_EXERCISE OBJECTIVE_
Each line below from the line with "Grey Color Rich" to the line with "Papier Cadeau Coq" must be copied exactly, including those two, and no picture may appear in the copy.

_MATERIAL SHOWN_
+++

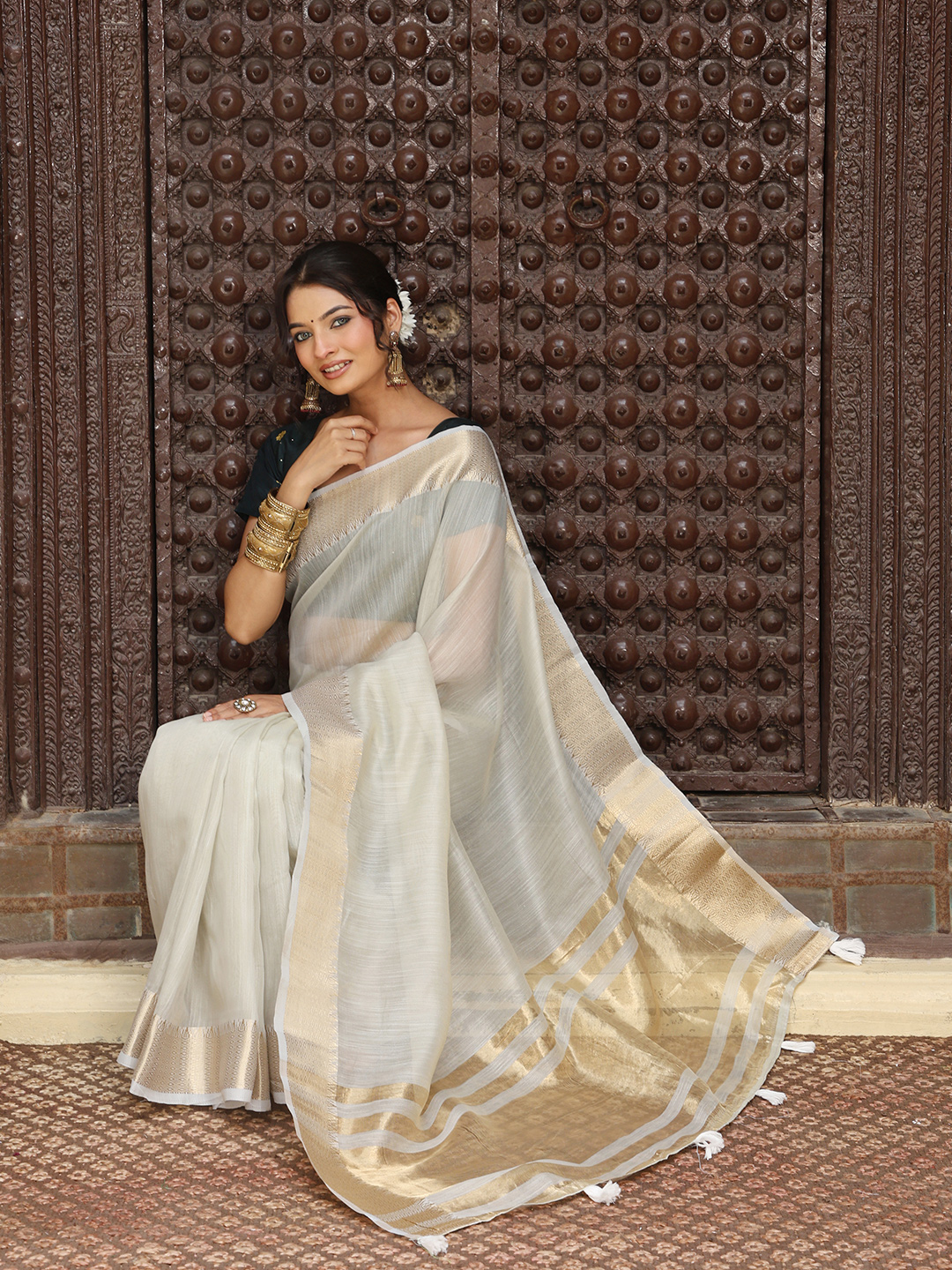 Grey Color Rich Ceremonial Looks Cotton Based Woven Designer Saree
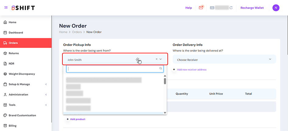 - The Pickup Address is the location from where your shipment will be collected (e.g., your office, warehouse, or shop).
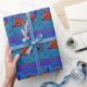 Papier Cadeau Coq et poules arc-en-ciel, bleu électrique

+++

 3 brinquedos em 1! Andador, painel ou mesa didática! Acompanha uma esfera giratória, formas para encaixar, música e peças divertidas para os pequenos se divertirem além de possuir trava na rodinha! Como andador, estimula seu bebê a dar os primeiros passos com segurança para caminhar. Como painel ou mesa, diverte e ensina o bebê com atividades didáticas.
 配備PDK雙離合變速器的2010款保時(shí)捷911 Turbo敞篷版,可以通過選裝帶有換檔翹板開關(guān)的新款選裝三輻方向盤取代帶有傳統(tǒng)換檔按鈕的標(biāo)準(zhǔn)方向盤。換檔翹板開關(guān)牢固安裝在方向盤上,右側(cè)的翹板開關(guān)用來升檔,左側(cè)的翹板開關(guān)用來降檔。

+++

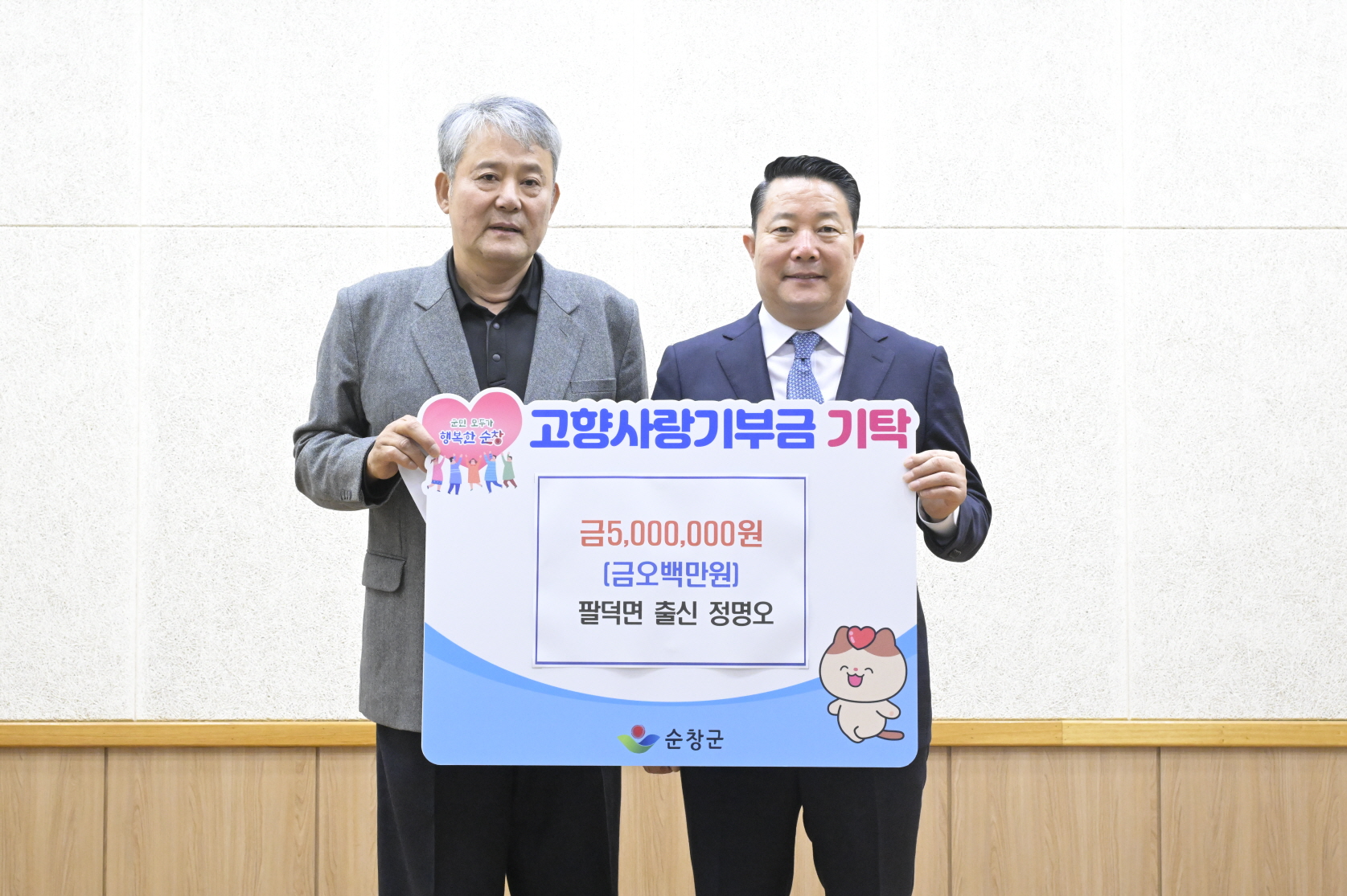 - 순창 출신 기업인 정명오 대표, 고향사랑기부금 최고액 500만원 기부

+++

_PROBLEM SOLUTION_
 Grey Color Rich Ceremonial Looks Cotton Based Woven Designer Saree
 - The Pickup Address is the location from where your shipment will be collected (e.g., your office, warehouse, or shop).
 Papier Cadeau Coq et poules arc-en-ciel, bleu électrique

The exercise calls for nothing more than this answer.